00:05Yeah, absolutely. I actually, before the ACA, I remember having meetings with our state chapter
00:11social worker, the Huntington City Society of America social worker, and discussed the pros
00:16and cons of testing and how to go about it. And we looked into options if I did have a positive test
00:24and there was not a single affordable option. In fact, I'm not sure if there were
00:28any options for me for that. Like I said, luckily, I did not test positive for that. However,
00:35it's very important for me to know for the future of my children, that no matter what comes their way,
00:41they will be able to have health coverage. Now, the Trump administration is actually taking some
00:49action on health care. It has taken some unfortunate action, which is to increase the potential
01:06deductibles. It has issued new rules to increase deductibles. How would that kind of rule affect
01:15you, in other words, letting insurers charge higher deductibles as a solution to, quote,
01:23improper enrollments? What would it mean for your family if your deductible were to double next year?
01:29That would be a big no thank you. That is absolutely not help. We do have things come up. We are
01:36a healthy family. We have sports injuries and things like that. So having a high deductible does not help
01:43the situation at all. My time has expired. Okay, some more points of clarification.

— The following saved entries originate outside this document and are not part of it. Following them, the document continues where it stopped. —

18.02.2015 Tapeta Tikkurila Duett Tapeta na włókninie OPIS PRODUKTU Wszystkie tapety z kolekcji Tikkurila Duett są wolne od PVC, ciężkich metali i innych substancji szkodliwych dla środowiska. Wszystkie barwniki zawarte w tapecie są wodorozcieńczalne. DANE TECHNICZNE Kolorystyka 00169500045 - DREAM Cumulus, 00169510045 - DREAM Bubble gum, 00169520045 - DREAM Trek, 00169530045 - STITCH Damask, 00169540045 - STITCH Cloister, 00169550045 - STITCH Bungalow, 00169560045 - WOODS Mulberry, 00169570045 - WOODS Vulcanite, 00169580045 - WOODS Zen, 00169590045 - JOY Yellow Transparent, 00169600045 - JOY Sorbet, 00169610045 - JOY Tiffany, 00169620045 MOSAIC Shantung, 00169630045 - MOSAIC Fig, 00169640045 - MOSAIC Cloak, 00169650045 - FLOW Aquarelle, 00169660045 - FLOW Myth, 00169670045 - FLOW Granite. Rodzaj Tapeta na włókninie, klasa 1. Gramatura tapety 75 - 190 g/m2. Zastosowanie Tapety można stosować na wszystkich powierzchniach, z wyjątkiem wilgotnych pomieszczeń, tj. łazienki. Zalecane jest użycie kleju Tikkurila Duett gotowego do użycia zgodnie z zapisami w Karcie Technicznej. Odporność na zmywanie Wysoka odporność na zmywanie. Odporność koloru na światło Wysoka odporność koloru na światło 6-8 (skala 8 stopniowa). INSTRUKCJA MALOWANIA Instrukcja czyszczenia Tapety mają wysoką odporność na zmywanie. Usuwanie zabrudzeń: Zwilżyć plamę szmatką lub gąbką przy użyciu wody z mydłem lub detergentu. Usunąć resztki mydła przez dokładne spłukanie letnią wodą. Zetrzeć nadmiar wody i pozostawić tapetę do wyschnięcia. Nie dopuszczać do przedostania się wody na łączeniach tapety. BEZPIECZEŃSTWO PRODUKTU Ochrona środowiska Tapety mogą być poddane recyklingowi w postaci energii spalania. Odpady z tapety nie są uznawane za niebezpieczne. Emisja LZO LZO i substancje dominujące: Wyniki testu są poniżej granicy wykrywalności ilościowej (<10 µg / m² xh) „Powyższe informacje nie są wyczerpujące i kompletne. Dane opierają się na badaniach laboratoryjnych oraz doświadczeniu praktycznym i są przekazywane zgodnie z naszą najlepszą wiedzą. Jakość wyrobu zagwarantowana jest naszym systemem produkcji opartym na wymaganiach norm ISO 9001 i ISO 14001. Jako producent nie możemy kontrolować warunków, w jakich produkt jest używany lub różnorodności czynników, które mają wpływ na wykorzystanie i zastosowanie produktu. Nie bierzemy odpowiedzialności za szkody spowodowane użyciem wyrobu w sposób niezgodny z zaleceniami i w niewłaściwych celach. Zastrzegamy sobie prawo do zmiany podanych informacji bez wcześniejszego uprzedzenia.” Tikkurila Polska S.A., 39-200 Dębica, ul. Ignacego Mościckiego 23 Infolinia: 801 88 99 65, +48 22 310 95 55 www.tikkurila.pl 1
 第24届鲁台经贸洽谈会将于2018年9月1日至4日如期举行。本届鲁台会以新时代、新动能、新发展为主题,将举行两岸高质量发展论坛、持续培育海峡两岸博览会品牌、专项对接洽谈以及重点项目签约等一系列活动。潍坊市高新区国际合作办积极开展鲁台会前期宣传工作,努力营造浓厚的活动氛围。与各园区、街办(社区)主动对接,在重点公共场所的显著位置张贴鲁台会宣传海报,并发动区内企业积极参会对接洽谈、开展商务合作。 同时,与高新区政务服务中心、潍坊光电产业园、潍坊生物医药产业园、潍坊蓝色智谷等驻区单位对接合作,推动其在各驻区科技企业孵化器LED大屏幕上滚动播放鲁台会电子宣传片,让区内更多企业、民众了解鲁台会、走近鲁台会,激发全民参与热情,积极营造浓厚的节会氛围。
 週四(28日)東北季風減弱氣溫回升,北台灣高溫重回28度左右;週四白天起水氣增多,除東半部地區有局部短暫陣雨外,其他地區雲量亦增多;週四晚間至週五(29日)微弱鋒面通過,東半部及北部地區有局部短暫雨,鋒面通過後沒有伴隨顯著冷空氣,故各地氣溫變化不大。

01:50The ranking member has a tendency of quoting me out of context. I don't appreciate it. I believe
01:55when I use the term dismantled, I talked about the way Obamacare dismantled the individual markets
02:01and caused, through its faulty design, premiums to skyrocket. When I talked about high risk pools,
02:07I'm sure I always add, they weren't perfect. They would have some modifications to make sure that
02:13people with pre-existing conditions were covered. Every state high risk pool were different. Some
02:18worked better. I'm saying Wisconsin, the way it was set up and what it did, it worked beautifully.
02:24It worked beautifully. Take a look at the successful models. I think they had a great model in Maine,
02:28correct? But anyway, with that, Senator Scott. Thank you, Chairman. So, Ms. Ferdinand, what did
02:37you pay in 2019? What did you pay a month for your health care? I keep asking these numbers. Let's see,
02:452019, what do we pay? I believe, oh boy. 2019, I believe, is our, will you help me? You've got the
02:56numbers, I believe. That was our, before we dropped to a lower tier plan, $1,000 a month, yes. That was a-
03:01What did you pay in 25? This past year, $460 a month.

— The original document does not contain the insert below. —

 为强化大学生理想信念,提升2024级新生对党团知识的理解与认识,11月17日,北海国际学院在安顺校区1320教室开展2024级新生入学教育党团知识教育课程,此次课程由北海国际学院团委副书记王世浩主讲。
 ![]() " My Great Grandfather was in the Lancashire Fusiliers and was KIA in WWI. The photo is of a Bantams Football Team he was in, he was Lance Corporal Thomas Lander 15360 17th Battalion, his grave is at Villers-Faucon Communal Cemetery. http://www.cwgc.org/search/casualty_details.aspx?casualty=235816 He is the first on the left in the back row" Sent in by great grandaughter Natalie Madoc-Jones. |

03:05So why, why should it, why should it go down? Did your income go down? What's that? We selected a
03:12lower tier plan. And then we also have the extended premium tax credit that's helping us too.
03:18Okay. And so if, if the, the Biden COVID era, what would it go to? If those, those were extended,
03:26what would it go to? So our, what would it, well, I'm not, I don't know exactly what that would add
03:31on, but currently this year we have about $800 in assistance from the extended premium tax credit.

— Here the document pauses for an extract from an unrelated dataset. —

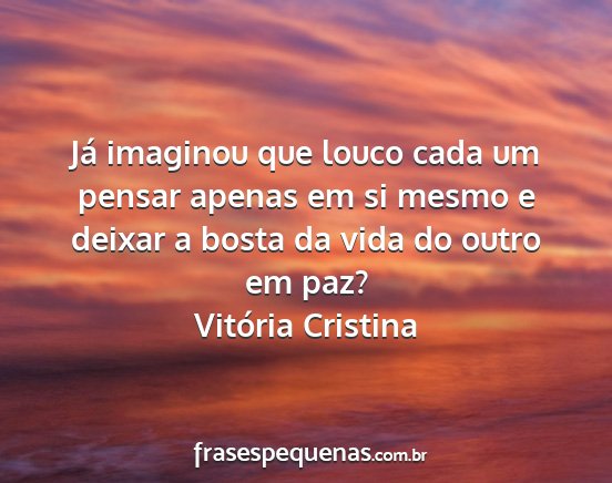 Já imaginou que louco cada um pensar apenas em si mesmo e deixar a bosta da vida do outro em paz?Vitória Cristina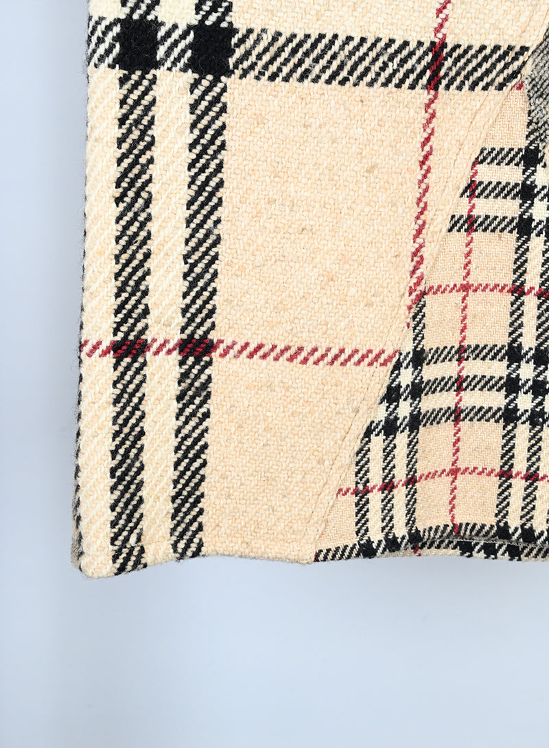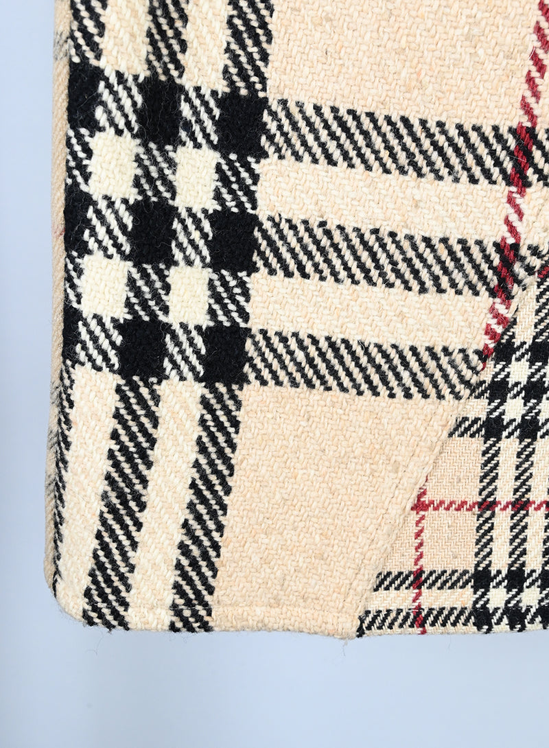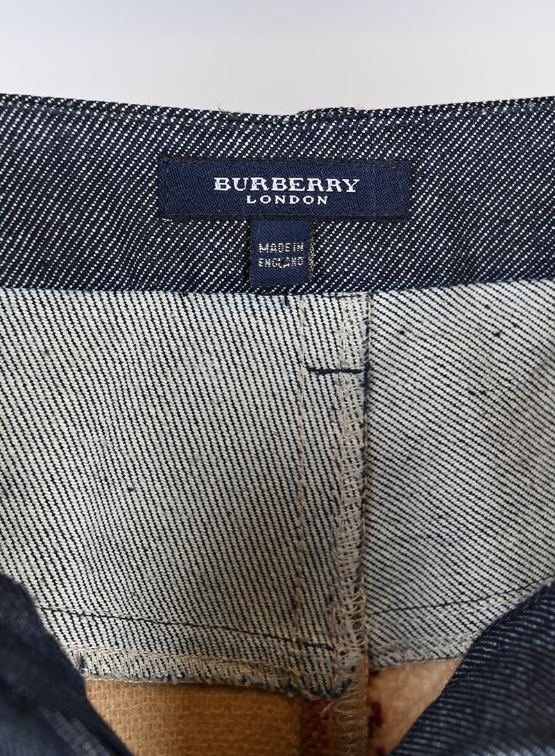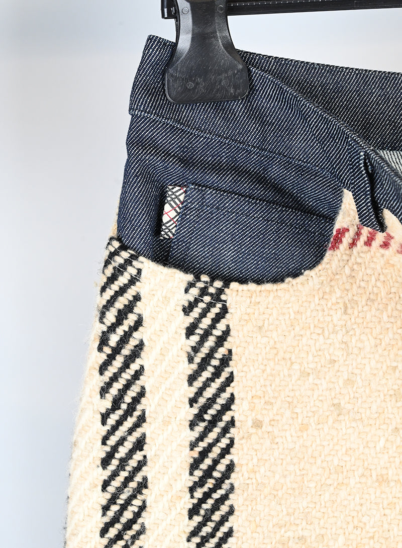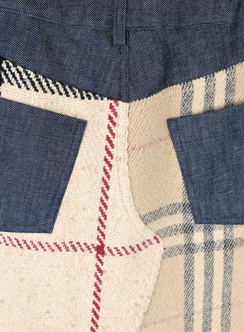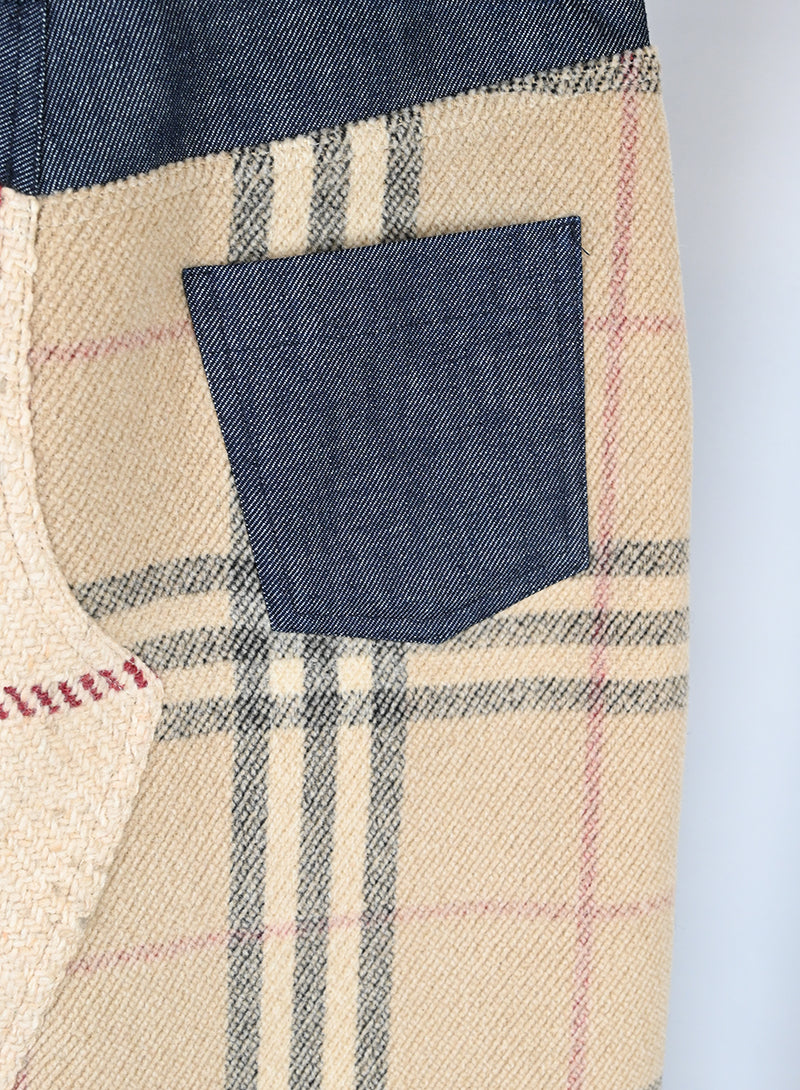 Gonna longuette Burberry in panno di lana con l'iconica fantasia check. Presenta un profilo superiore in denim, due tasche frontali integrate e due tasche in denim sul retro. Un modello unico che unisce il classico stile britannico a dettagli moderni in denim, ideale per un look sofisticato e contemporaneo.

03:37So I assume it would help us at least another $200, $300 next year. You're not, you don't make
03:44less than 400% of poverty, right? Your family doesn't? No. No. Okay. All right. Third place. So
03:51Senator Heston said that in New Hampshire, I guess, that a family of two, if they, you know,
03:59they're, if we don't extend this, a family of two, it just skyrocketed, you know, the, the premium.
04:05So what would, what actually would happen if it was a family of, of two in New Hampshire? Do you have
04:10any idea? I don't, aren't they within 400% of, of the, of poverty and wouldn't, so there's almost no
04:17change. So the, the underlying Obamacare subsidies, which the chairman said are permanent and aren't
04:23going away next year, they are very large. They limit the amount of premium that people have to pay
04:28for a plan. So as premiums have skyrocketed over time, the enrollee share has basically remained the
04:35same. Um, the vast majority of enrollees are lower income and they will receive, continue to receive
04:42large subsidies next year. So the vast majority of the premium for the vast majority of enrollees
04:48will be paid by the federal taxpayer. Um, the, uh, most enrollees will pay less than $80 a month
04:56for coverage that costs, you know, up to $1,000 a month, uh, for single coverage because
05:01of the design of the credits. Um, the subsidies in Obamacare only went up to four times the poverty
05:09line. The idea was that coverage, um, uh, when they were trying to limit the cost, um, uh, but those
05:16people didn't need subsidies, um, at that level. The problem with Obamacare is it has so increased
05:22the price of coverage over time, particularly for older, um, couples, that it has led to very high
05:31premiums for them. So they, that, that they do face higher premiums above 400% of poverty line
05:37if the subsidies expire. But it's a very small percentage of the overall Obamacare enrollees
05:43that have that income. But if you're in New Hampshire, I mean, you're making 85,000, you're probably
05:47within 400% of poverty, aren't you? Um, for a couple of two, you're probably just above four, four times
05:54the poverty line. Okay. So your number's not going to change. If you're under 400, um, you will still get
05:59a large subsidy. But it's the people just above 400, they're going to face the largest.
06:03Who, who, who, did the Democrats design it that way?
06:06That was one of the main features of the 2010 law, yes.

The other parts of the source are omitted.